Obama Budget to Include Tax Increases

President Barack Obama is expected to release his budget proposal this week, and he reportedly plans to include tax increases to close the deficit.

Despite the $787 billion stimulus bill he signed into law last Tuesday, and the $275 billion housing rescue plan he outlined last Wednesday, Obama is aiming to cut the current budget deficit in half by the end of his term, according to The New York Times. He hopes to reduce the deficit from the current level of $1.3 trillion for fiscal 2009 to $533 billion for fiscal 2013. In part, the plan will depend on allowing the Bush tax cuts for those making more than $250,000 per year to expire after 2010.

Obama is also expected to call for increasing taxes on the investment income earned by hedge fund managers and private equity firm partners, which is currently taxed at capital gains rates of 15 percent. The administration plans to call for taxing the earnings as ordinary income, which currently tops out at a 35 percent rate and would rise to 39.6 percent once the Bush tax cuts expire. The capital gains tax rate would rise to 20 percent when the Bush tax cuts expire.
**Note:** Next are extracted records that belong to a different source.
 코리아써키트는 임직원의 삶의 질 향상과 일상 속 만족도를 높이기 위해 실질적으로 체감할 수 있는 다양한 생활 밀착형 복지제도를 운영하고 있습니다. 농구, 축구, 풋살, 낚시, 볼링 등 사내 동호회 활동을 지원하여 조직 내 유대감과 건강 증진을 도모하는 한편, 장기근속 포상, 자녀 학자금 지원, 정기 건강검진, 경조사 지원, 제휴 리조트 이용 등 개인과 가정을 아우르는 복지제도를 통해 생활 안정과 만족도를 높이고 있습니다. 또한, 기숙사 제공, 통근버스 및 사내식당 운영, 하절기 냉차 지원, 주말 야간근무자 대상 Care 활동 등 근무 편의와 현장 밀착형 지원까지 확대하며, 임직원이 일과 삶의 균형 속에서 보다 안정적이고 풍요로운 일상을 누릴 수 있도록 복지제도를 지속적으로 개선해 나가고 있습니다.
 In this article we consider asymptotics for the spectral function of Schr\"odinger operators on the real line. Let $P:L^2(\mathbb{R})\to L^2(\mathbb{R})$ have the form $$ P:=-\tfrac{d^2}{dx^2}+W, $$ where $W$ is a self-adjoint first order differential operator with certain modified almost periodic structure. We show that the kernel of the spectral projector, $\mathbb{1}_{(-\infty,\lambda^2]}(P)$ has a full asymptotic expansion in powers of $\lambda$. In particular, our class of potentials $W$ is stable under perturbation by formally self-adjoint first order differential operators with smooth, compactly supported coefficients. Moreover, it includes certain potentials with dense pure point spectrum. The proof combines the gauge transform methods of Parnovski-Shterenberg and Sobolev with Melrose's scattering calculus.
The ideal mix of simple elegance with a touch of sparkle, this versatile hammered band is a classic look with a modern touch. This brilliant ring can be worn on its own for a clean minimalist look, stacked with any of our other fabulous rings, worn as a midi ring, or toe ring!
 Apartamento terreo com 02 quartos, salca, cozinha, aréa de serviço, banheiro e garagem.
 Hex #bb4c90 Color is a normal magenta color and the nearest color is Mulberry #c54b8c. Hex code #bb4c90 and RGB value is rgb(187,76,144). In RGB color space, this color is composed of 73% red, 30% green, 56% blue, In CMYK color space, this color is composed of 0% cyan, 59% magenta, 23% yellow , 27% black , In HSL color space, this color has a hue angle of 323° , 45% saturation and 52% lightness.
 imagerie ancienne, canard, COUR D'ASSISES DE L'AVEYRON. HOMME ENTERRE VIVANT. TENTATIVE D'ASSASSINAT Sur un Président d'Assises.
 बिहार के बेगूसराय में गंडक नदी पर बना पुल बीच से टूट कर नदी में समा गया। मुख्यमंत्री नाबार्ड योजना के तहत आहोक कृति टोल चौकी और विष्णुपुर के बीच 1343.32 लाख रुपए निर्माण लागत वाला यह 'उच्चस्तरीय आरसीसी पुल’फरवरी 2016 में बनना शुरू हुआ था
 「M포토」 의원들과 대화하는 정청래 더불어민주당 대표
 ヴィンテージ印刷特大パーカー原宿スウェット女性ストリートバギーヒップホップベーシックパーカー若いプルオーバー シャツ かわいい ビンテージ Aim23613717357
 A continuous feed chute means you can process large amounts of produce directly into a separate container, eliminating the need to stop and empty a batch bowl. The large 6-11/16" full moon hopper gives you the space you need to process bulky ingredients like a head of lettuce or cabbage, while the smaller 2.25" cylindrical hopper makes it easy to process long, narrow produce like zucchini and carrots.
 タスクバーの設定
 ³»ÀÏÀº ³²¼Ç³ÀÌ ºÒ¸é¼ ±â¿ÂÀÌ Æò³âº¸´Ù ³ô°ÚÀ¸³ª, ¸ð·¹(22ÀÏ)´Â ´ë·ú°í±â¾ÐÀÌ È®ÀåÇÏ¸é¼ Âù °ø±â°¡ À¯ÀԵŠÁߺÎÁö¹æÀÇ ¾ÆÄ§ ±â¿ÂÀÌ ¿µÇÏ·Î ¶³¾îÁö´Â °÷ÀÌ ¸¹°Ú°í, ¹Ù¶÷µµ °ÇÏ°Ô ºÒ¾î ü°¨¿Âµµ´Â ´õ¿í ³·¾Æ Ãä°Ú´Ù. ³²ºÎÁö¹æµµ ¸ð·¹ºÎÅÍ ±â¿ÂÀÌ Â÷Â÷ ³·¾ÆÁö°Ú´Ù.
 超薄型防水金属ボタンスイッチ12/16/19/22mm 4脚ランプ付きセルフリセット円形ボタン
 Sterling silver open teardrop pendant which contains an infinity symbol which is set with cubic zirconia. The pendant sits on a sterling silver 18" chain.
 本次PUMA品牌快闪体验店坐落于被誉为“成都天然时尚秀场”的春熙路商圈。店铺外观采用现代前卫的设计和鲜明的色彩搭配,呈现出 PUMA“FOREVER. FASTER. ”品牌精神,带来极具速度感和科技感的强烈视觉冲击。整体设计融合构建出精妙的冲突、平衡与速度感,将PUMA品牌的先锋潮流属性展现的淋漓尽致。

“It will require all we can to get the exploding deficits under control as our economy begins to recover,” Obama said in his weekly radio and Internet address on Saturday. He convened a Fiscal Responsibility Summit at the White House on Monday to get advice on ways to reduce the deficit. At the summit, he said the federal budget would avoid "accounting tricks" such as leaving the costs of the Iraq war and the patch for the alternative minimum tax off the main budget.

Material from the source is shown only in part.